About This Carved Stone
A three-pronged carving consistent with the medieval goose paw symbol, discovered on a large flat rock surface known locally as the wharf stone at Brooklyn, Nova Scotia. The wharf stone functioned as a natural quay for the sheltered harbor at Liverpool, roughly 55 kilometers from Oak Island. In Season 10, Episode 11, Rick Lagina, Charles Barkhouse, and researcher Corjan Mol visited the site after being contacted by local residents Isaac Rafuse and Nick Fralic, who believed the carvings might relate to Oak Island.
The carving does not stand alone. Directly alongside it on the same rock surface are a Globus Cruciger, a cut circle, a fish symbol, and a double fish-tail with a cross in a circle. Mol identified the Globus Cruciger, a cross mounted on an orb, as a symbol of Christian dominion dating to the fifth century. The tripod carving was initially raised as a possible British broad arrow, a mark used to identify Crown property. Mol and Rick Lagina noted that the broad arrow was never applied to natural rock surfaces, identifying it instead as a goose paw. The broad arrow identification fails on four separate grounds. The policy applied exclusively to standing trees blazed into bark, never to natural rock. The only documented instances of the broad arrow on stone are Ordnance Survey benchmarks, which always carry a horizontal datum line above the arrow forming a composite symbol; the wharf stone carving has no such bar and therefore does not meet even that standard. The OS benchmark program was never conducted on the Nova Scotia coastline. And the White Pine Acts that created the policy date to 1721, while the symbols carved alongside the goose paw on the same surface, including a Globus Cruciger whose form originates in the fifth century, are consistent with a medieval origin predating the policy by potentially three to five centuries.
The goose paw, or patte d'oie in French, is a pilgrimage mark documented across medieval Europe from at least the 12th century. It appears at the entrances to churches and hospices along the Camino de Santiago, where it signaled the end of a journey. The symbol also served as a required identifying mark for the Cagots, a persecuted builder caste in Gascony and Navarre who constructed much of the Camino's pilgrimage infrastructure. Mol has documented goose paw carvings at a number of sites connected to the Knights Templar and the Knights Hospitaller across Europe.

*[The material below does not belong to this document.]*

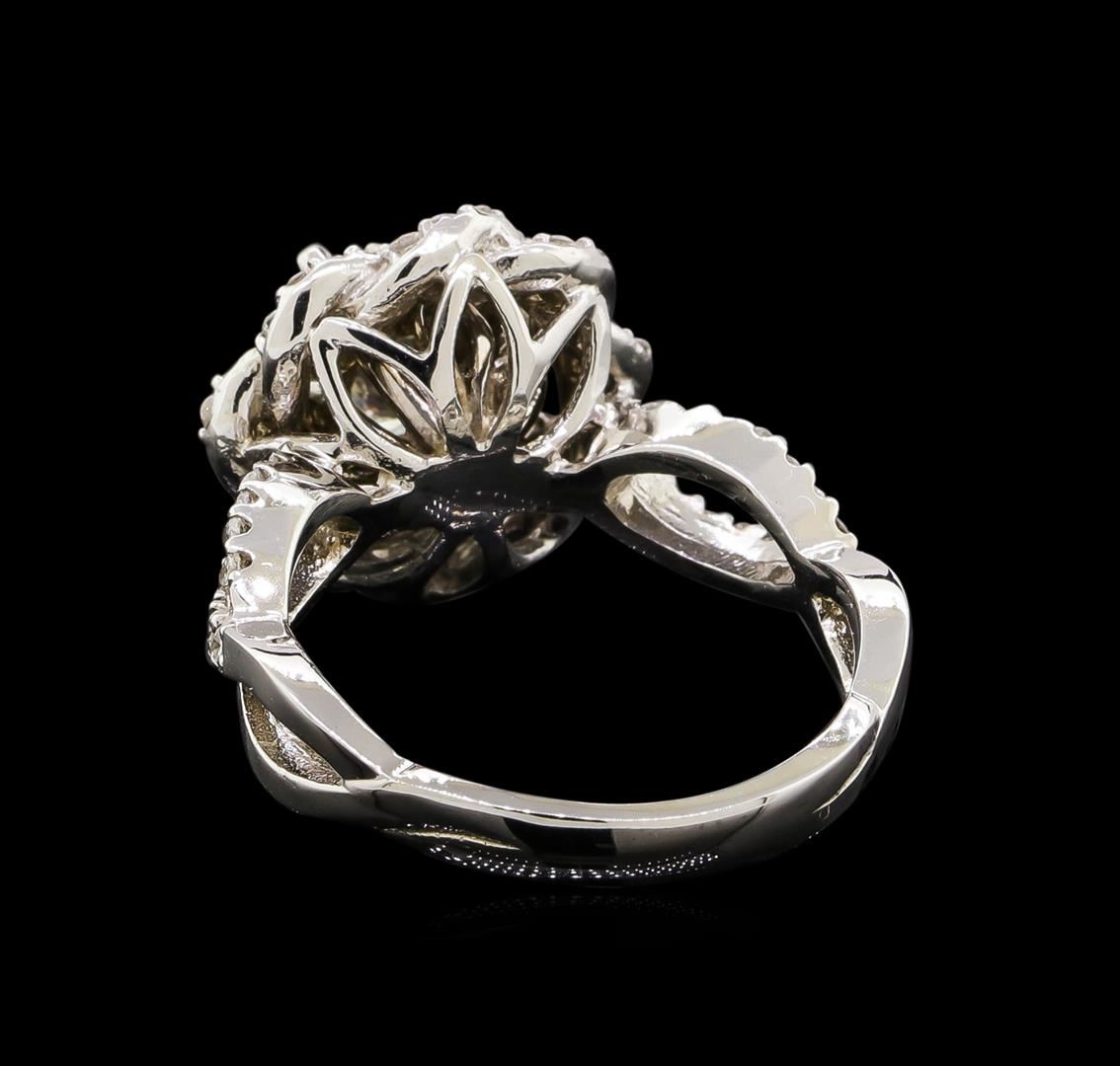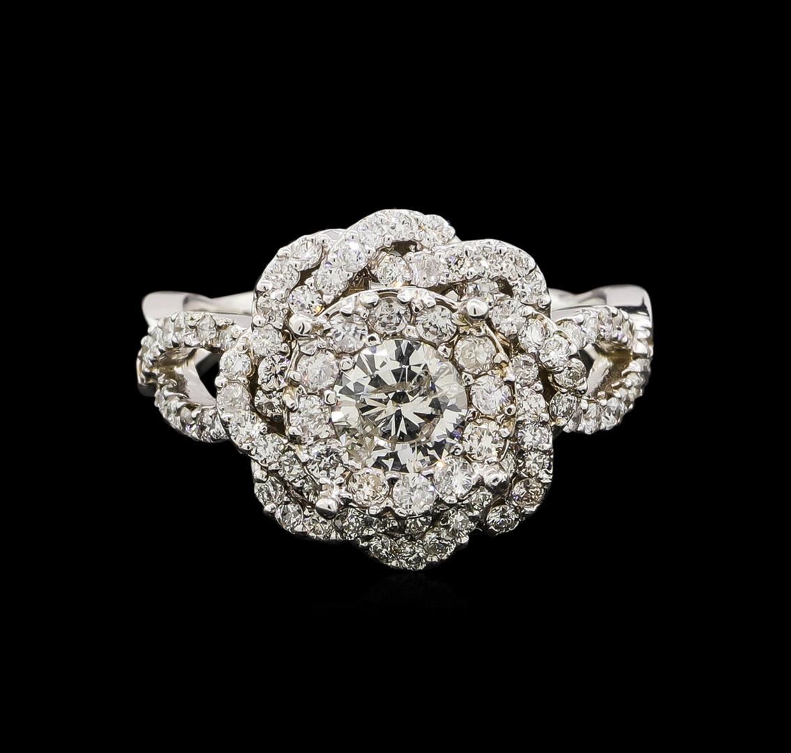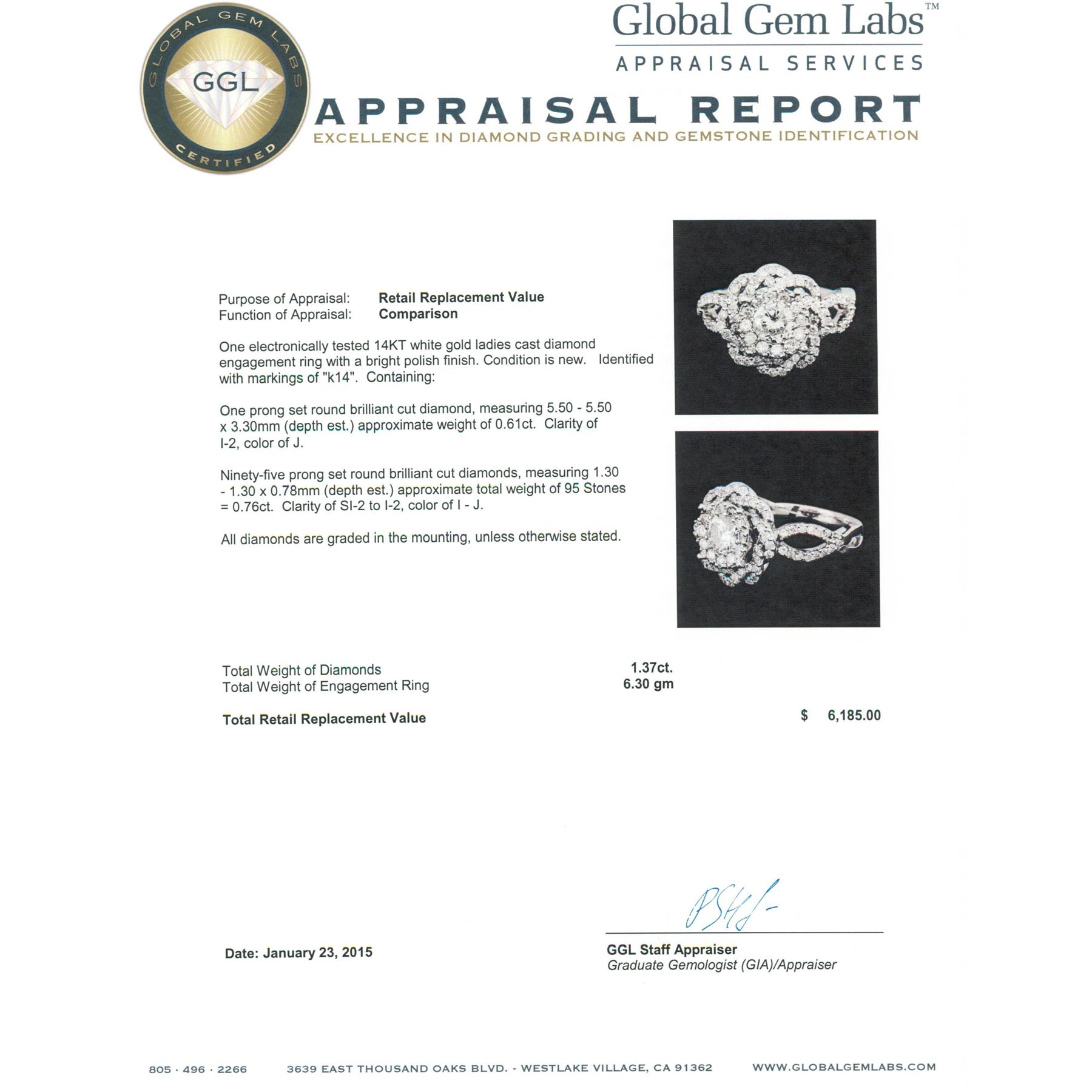 One electronically tested 14KT white gold ladies cast diamond engagement ring with a bright polish finish. Identified with markings of "k14". Condition is new. Containing: One prong set round brilliant cut diamond, measuring 5.50 - 5.50 x 3.30mm (depth est.) approximate weight of 0.61ct. Clarity: I-2. Color: J. Ninety-Five prong set round brilliant cut diamonds, measuring 1.30 - 1.30 x 0.78mm (depth est.) approximate total weight of 95 Stones = 0.76ct. Clarity: SI-2 to I-2. Color: I - J. All diamonds are graded in the mounting, unless otherwise stated. Total Weight of Diamonds 1.37ct. Total Weight of Engagement Ring 6.30 grams. GGL Appraised.

At Camerano in Italy, a plaster mould taken from a sculpted segment of an old altar in the town's underground cave complex carries a goose paw formed from the three nails of the crucifixion arranged in the tripod configuration.
At Valkenburg in the Netherlands, a goose paw appears carved into the wall of the dungeon where Knights Templar were held following the order's suppression in 1307.

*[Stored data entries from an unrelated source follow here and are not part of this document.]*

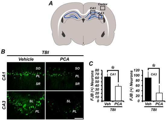 Protocatechuic acid (PCA) reduces the number of degenerating neurons after traumatic brain injury (TBI). Neuronal death was examined by Fluoro-Jade B (FJB) staining. Thus, FJB positive neurons were not detected in the sham-operated groups. (A) A schematic drawing indicates quantified area in the hippocampus and cerebral cortex. (B,D) Fluorescence images represent the relative degree of neuronal death in the hippocampus (B) and cortex (D) at 24 h after TBI. PCA administration reduced the number of FJB (+) neurons in the hippocampus and cortex when compared to the vehicle-treated group. Scale bar = 100 µm. (C,E) The bar graph shows the number of degenerating neurons in the hippocampus (C) and cortex (E). Data are mean ± SEM, and n = 10 from each TBI group. * Significantly different from vehicle-treated group, p < 0.05. Veh = Vehicle; SR = Stratum Radiatum; PL = Pyramidal Layer; SO = Stratum Oriens of hippocampus cornu ammonis 1 (CA1) and CA3 area.
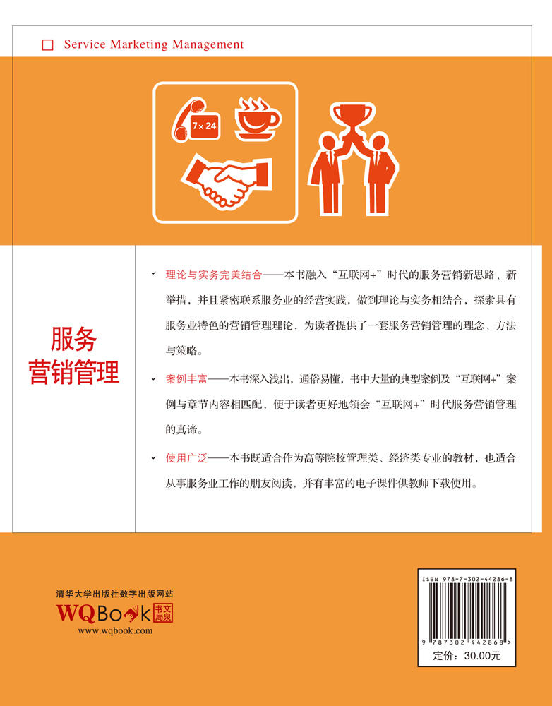本书借鉴和吸收了国内外服务营销管理理论的最新成果,融入了“互联网+”时代的新思路、新举措,阐述了服务产品策略、服务定价策略、服务分销策略、服务促销策略、服务展示管理、服务人员管理、服务过程管理、服务供应管理、服务质量管理、服务品牌管理等……书中援引了大量典型的案例与章节内容相匹配,具有时代感与本土化的特点。每章之后有“本章小结”“思考题”“本章案例”等环节,以引导读者领会和掌握本章的相关理论和方法。 本书提供教学用电子课件及20家服务企业的营销管理案例PPT,适合作为高等学校管理类、营销类、经济类相关课程的教材,也适合从事服务业经营管理的人士阅读和参考。
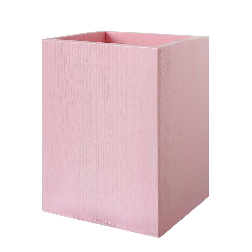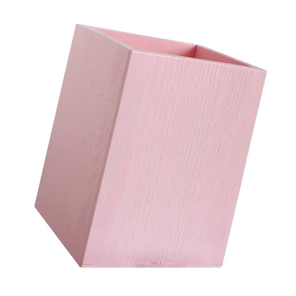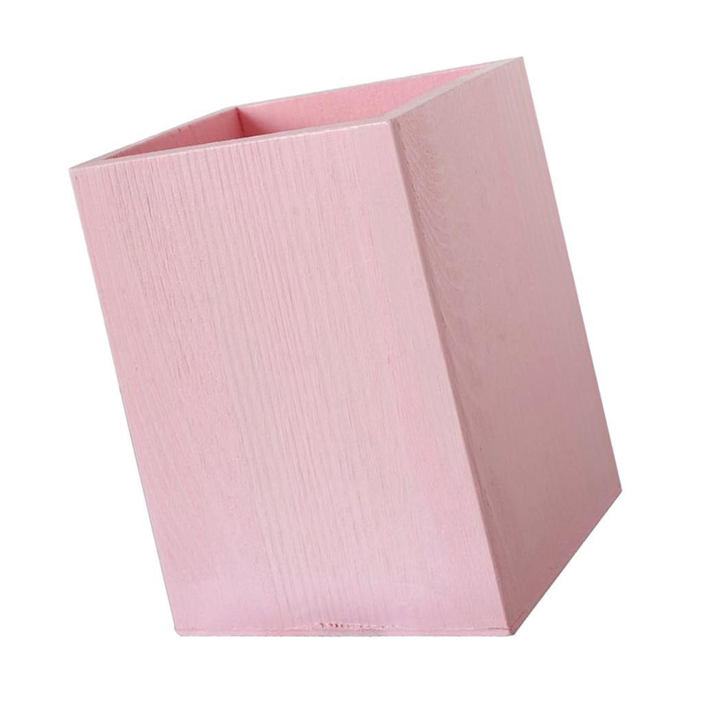 Maxbell Lovely Wooden Tabletop Storage Box Pen Container Brush Pot Pink Square

At the Palazzo Falson in Mdina, Malta, Mol and researcher Emiliano identified a goose paw in the room built for and used by Hospitaller Grand Master Philippe de Villiers de l'Isle-Adam following his arrival on the island in 1530 after the order's expulsion from Rhodes. That section of research was not aired in the television series.
In the Azores, the Igreja Matriz de São Sebastião on Terceira, built in 1455 under the Order of Christ, carries nine goose paws arranged in three groups of three, their original red pigment still preserved.
Historical Context
Corjan Mol research; The Curse of Oak Island Season 10 Episode 11
Where It Was Found
Found at Brooklyn, Nova Scotia (near Oak Island).